Container Network Interface (CNI) - A Summary

This is a topic that has been turning over in the back of my mind for a while. In short, sometime last year, I discovered that container networking tends to add more overhead than what I had expected. And since then I have been meaning to find out more on this. The below video is, to-date, the best description of the process that I found. It does requires one to understand a little about networking and Linux namespaces but overall a surprisingly limpid elucidation of a deeply convoluted topic. This article is, frankly, most of the contents that I took away from the hour long video.

Software Switches in Linux

Creating a software switch in Linux is simple:

• Create a couple of interfaces
• Create a Linux bridge
• Attach the interfaces to the bridge

These can be simply achieve by the `ip addr` and `brctl` commands. However, the issue is that containers/dockers and the bridge reside in different namespaces. So we need a way to connect an interface in a container to a Linux bridge and send data across.

Virtual Interfaces

Virtual interfaces can be created with `sudo ip link add <veth-1> type veth peer name <veth-2>`. Virtual interfaces are always created in pairs and data transmitted to one peer immediately received on the other peer. This is a natural solution to the problem discussed above: we can assign <veth-1> to the bridge while assigning <veth-2> to the container. So now, we can send data across namespaces but we don't yet know how to assign interfaces across namespaces.

Changing the Defaults

We first need to get the process for the docker container: `cont_pid=$(sudo docker inspect -f '{.State.Pid}' container2)`. Here our container is called container2.

Next, create our network namespace directory: `mkdir -p /var/run/netns`

Finally, Docker namespaces are not typically visible to Linux, so we need to fix that: `sudo ln -sfT /proc/$(cont_pid)/ns/net /var/run/netns/container2`

Of course, we can use `ip netns exec` command to set up the network inside the container. For example: `sudo ip netns exec container2 ip link set veth-2 up`

Connecting to the Internet

The containers, thus connected to a bridge, connect to the Internet through NAT (Network Address Translation). For example, MASQUERADE rules that redirect all traffic from all interfaces in the bridge, with source IP addresses from within the bridge's subnet, and not intended for another interface connected on the same bridge, to the default route. Another example is when host ports are mapped to a container port, DNAT rules are set up.

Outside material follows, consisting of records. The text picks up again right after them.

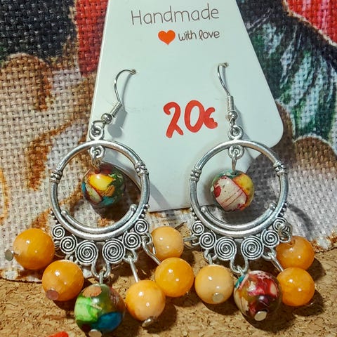 Handmade korvakorut, joissa on turkooseja ja helmiä. Korvakorut ovat kevyet ja sopivat erilaisiin asuihin. Materiaali sisältää korumetallia ja helmet. Korvakoruijen halkaisija on noin 2 cm. Voit katsoa Instagramissa @bijouterie_stones
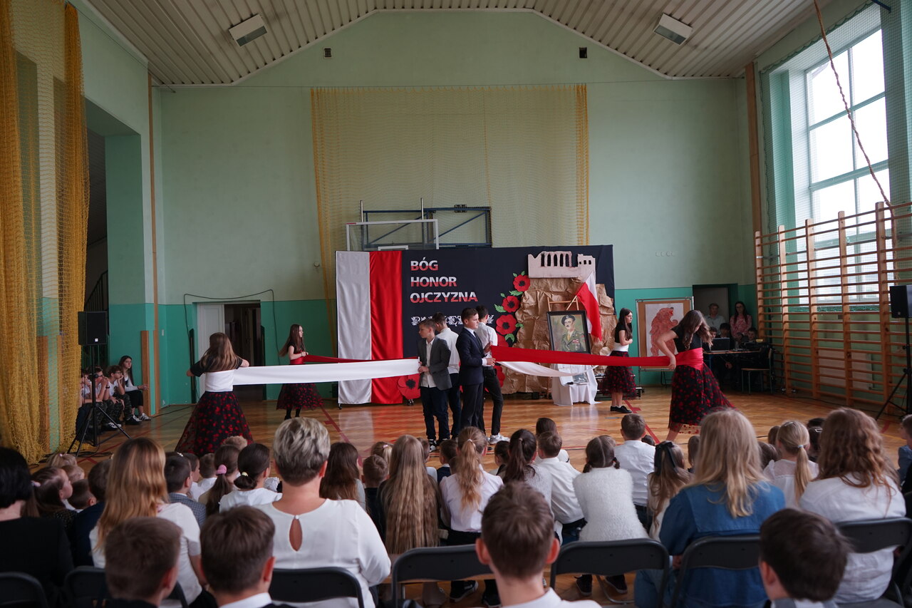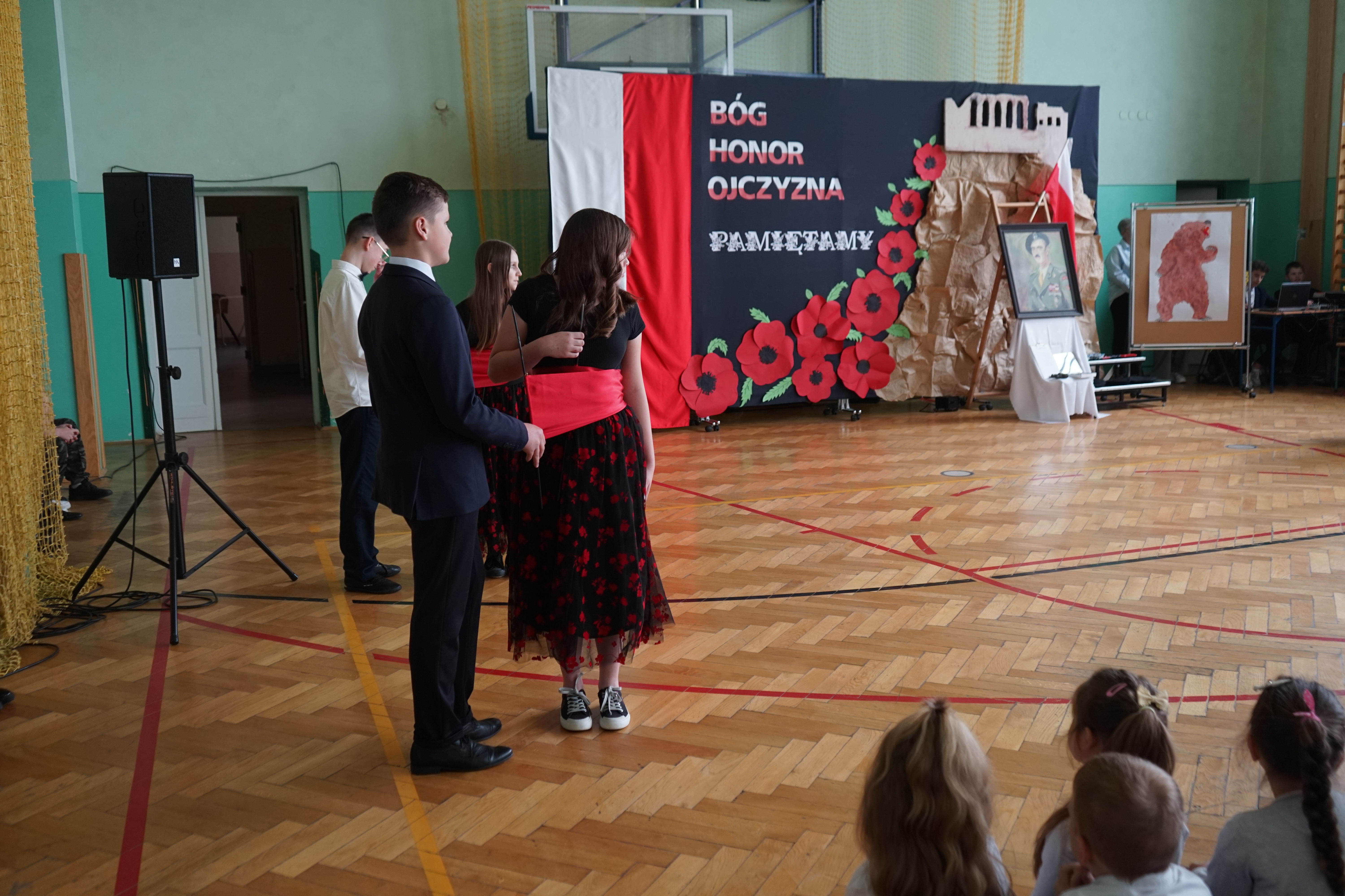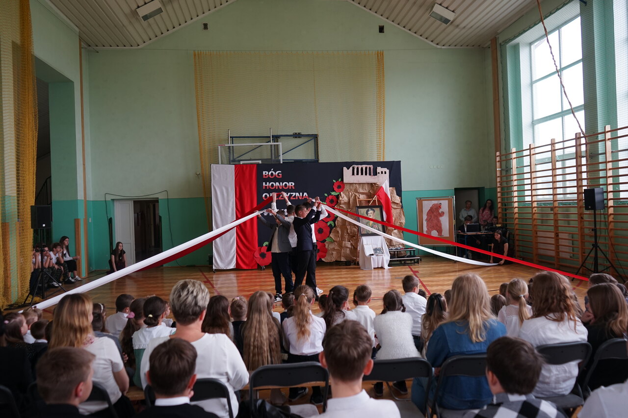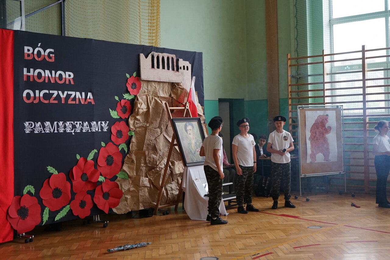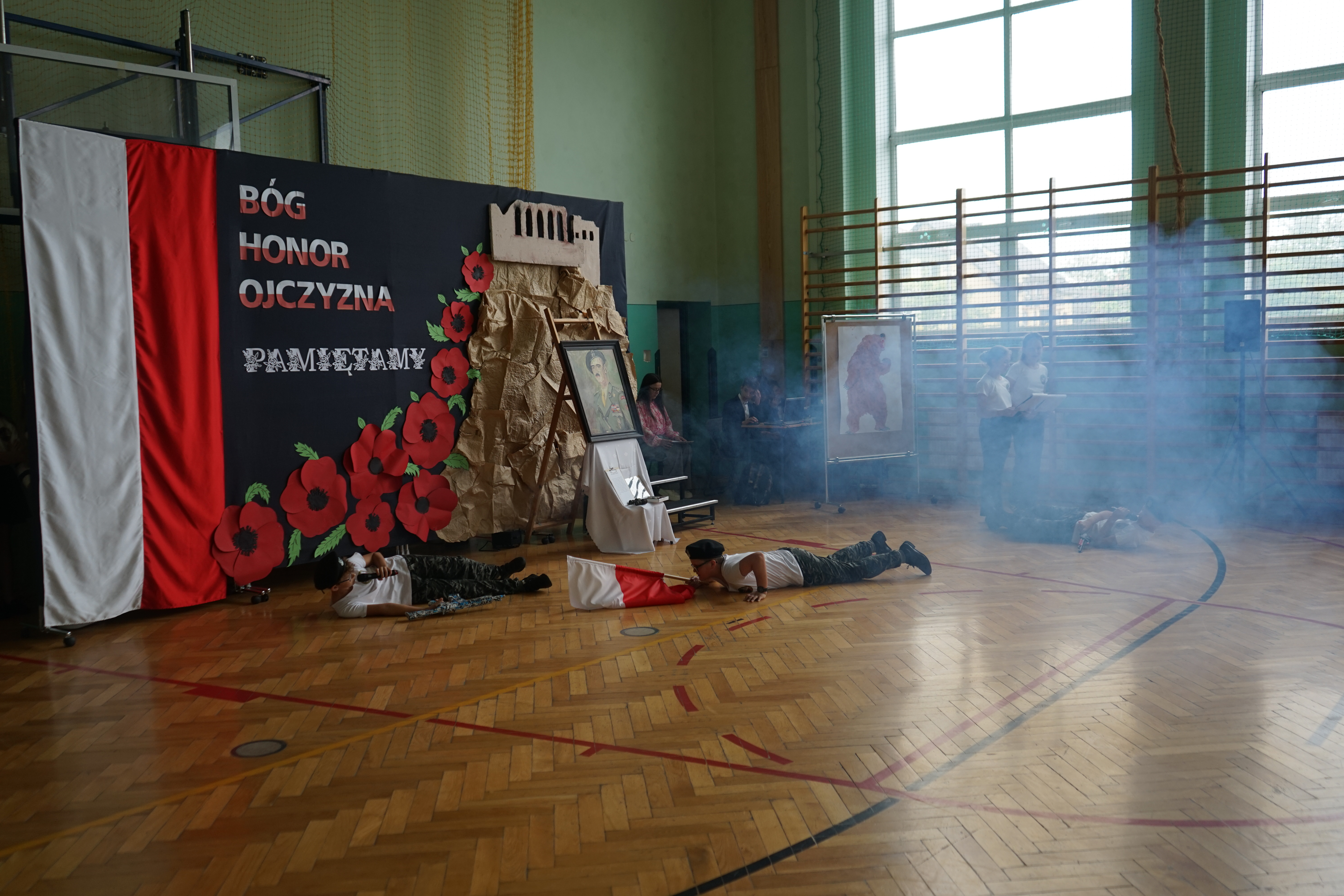 Aktualności 188 20-05-2025 20.05.2025 r. obchodziliśmy w naszej szkole Święto Patrona Szkoły - gen. Władysława Andersa. O godz. 8.15 udaliśmy się do kościoła parafialnego, aby uczestniczyć w uroczystej mszy św., podczas której modliliśmy się za całą społeczność szkolną, powodzenie w nauce i pracy oraz za duszę patrona i żołnierzy, którzy walczyli za wolność naszej ojczyzny. Ksiądz Proboszcz w słowie skierowanym do wszystkich zebranych uświadomił nam, kim jest bohater we współczesnym świecie, co to znaczy być dobrym uczniem, patriotą; zwrócił uwagę na najważniejsze wartości, podkreślając, że prawdziwa miłość Boga jest fundamentem miłości do drugiego człowieka i do ojczyzny. Po powrocie do szkoły nauczyciele oraz uczniowie odśpiewali hymn państwowy, a następnie złożono wiązankę pod tablicą upamiętniającą gen. Władysława Andersa. Następnie w sali gimnastycznej odbyła się uroczysta akademia, poświęcona generałowi Andersowi- dowódcy Armii Polskiej na Wschodzie w czasie II wojny światowej i żołnierzom II Korpusu. Przy tej okazji warto wspomnieć, że 12 maja minęła 55 rocznica śmierci generała, a 18 maja obchodzono 81 rocznicę zdobycia Monte Cassino. Tym razem uczniowie klasy 5 wcielili się w rolę uczestników wycieczki po muzeum II wojny światowej, gdzie spotkała ich niesamowita przygoda. Magiczne berety przeniosły ich do 1944 roku, do klasztornego wzgórza. Tam, początkowo pilnując niedźwiedzia Wojtka, stali się uczestnikami słynnej bitwy o Monte Cassino i bohaterami pomagającymi jednemu z żołnierzy wbić polską flagę na szczycie klasztoru. Wszyscy z wielką dumą odśpiewali hymn naszej szkoły czyli najsłynniejszą pieśń z okresu II wojny światowej – „Czerwone maki na Monte Cassino". Chwile niezwykłego wzruszenia i zadumy zapewnili nam uczniowie klasy 7, którzy wykonali piękny taniec patriotyczny oraz pieśń „ O Panie, któryś jest na niebie” w wykonaniu naszej solistki Malwiny Chojeckiej. Po zakończeniu akademii głos zabrała pani Dyrektor Anna Dziedzic, która podkreśliła, że ten dzień jest dla nas najważniejszym dniem w życiu szkoły oraz okazją do upamiętnienia znaczenia i wkładu generała w historię Polski. Życzyła wszystkim, aby w życiu kierować się wartościami, w które mocno wierzył gen. Anders , bo wiara i ufność Bogu, życie zgodne z zasadami, czyste sumienie i miłość do ojczyzny, w tym do naszej „ małej ojczyzny – Leszczyny” to droga do dobrego życia, do dokonywania odpowiednich wyborów, do pokonywania trudności i realizacji zamierzonych celów. Jest to również sposobność do integracji społeczności szkolnej oraz do budowania więzi między uczniami, nauczycielami i pracownikami szkoły poprzez wspólne obchody i celebrację życia i dokonań patrona. Po części oficjalnej uczniowie udali się wraz z wychowawcami do klas, gdzie zorganizowano maraton filmowy. 0.0 Ostatnia modyfikacja: -/- Powiązane artykuły: Udział w ogólnopolskiej akcji BohaterON - 2025/2026 Olimpiada Mitologiczna 2025 Wyniki konkursu Alfik Matematyczny 2025 Boże Narodzenie 2025 - życzenia Akcja charytatywna „Paczuszka dla Maluszka" 2025 Jasełka i Wigilia - 2025 „Mała książka – wielki człowiek" - 2025 Spotkanie z podróżnikiem - Indie 2025 Paczuszka dla Maluszka - 2025 OTRZĘSINY KLASY 4 I ZABAWA ANDRZEJKOWA – 26.11.2025r. 0
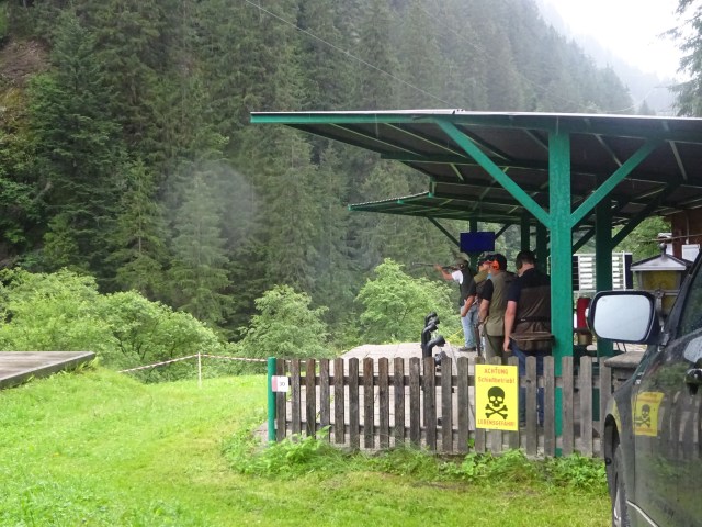 Wir setzen unseren Weg erleichtert fort und es kommt zunächst zu keinen weiteren Zwischenfällen. Nach dem Wirtshaus Karlsteg queren wir die Straße und folgen einem Steig auf der rechten Seite über den Lawinenschutzbau. In der Ferne sind laute Geräusche zu hören, die wir nicht ganz zuordnen können. Wir vermuten, dass es Schüsse sind, es könnte aber auch eine Sprengung, ein Feuerwerk oder sonstiges sein. Ein etwas mulmiges Gefühl haben wir schon, da wir die Geräusche nicht einzuordnen wissen und da sie auch nicht leiser werden. Als wir uns der Quelle des Lärms nähern, bestätigt sich unsere erste Vermutung: es findet ein Tontaubenschießen statt und wir müssten eigentlich genau vor den Schützen unseren Weg fortsetzen. Also entscheiden wir uns, hinter dem dazugehörigen Vereinshaus entlang zu gehen. Dort sitzen einige Schützen bei Bier und Wurst und machen gerade Pause. Kurzentschlossen holen wir uns auch eine Wurst und legen ebenso eine Pause ein. Lustigerweise steht auf der ausgehängten Speisekarte auch „Munition“ und „Grundausrüstung“. Da wir jedoch nicht wissen, was wir damit anfangen sollen, bleibt es bei der Wurst. Die meisten Schützen sind nicht sehr gesprächig und eher grummelig – ein eigenartiges Völkchen. Schließlich finden wir doch noch jemanden, der mit uns spricht. So erfahren wir, dass die nächsten zwei Tage die österreichische Meisterschaft im Tontaubenschießen stattfindet. Heute gibt es ein letztes Training. Lustig, was es alles gibt! Wir schauen noch eine Weile zu, wie die gelben Scheiben in der Luft zerspringen und ziehen schließlich von dannen.

Multi-Host Deployments/Container Clusters

We can connect hosts with a L2 VLAN that span the docker0 bridge across hosts. But then we need to:

• Ensure that subnets across the docker0 are not the same to prevent IP collision
• Maintain L3 routes across hosts

This is a fairly impossible task when the number of hosts grow! This is where container networking solutions come into picture. Two of the more popular choices are Flannel and Calico!

All networking solutions mainly solve the above two problems using a variety of backends.

Flannel

Flannel is a relatively simple solution that installs an agent in every host and maintains a central data store. Flannel's recommended backends are VXLAN and host-gw.

VXLAN

The Linux kernel's VXLAN driver is used to connect the hosts over UDP. The central store is used to figure out where to route the UDP packet to reach the intended VXLAN.

host-gw

This is a simpler option if all hosts are connected through the same subnet. Flannel can use the direct connection to solve the above two problems.

L3 routes are static in Flannel.

Calico

Calico, on the other hand, is quite a bit more sophisticated. It installs Bird-BGP on each host along with the agent. The hosts are BGP peers which helps Calico maintain routes dynamically.

Registering network solutions with Docker

Docker exposes a plug-in interface for network solutions to use. If a networking solution registers through this plug-in then Docker hands over the responsibility for mutli-host networking to that solution. Typically, the solutions agent registers with the plug-in interface on each host.

Note: Network solutions need not be software only.

Container Network Interface (CNI)

Go run N containers on K hosts

Container orchestrators, like Kubernetes, are management software that know how to convert statements like this into a running cluster. Container orchestrators expose the CNI as the network plug-in standard. This is different from the Docker plug-in interface.

Network Policies

In the core docker approach, network policies are applied by modifying iptables in Linux. Moder CNI solutions are slowly taking over this responsibility as well.

Future Direction

Two interesting future research directions are high-density and federated container clusters.

• For high density, here high density means a high container-to-host-ratio, clusters applying network policies for a significant number of containers takes its toll on performance. There is attempt underfoot to use Linux kernel's eBPF capabilities to perform network processing from the userspace, which is faster.
• In case of federated clusters, CNI solutions probably have a huge role to play in the deployment of multi-cloud or hybrid clusters.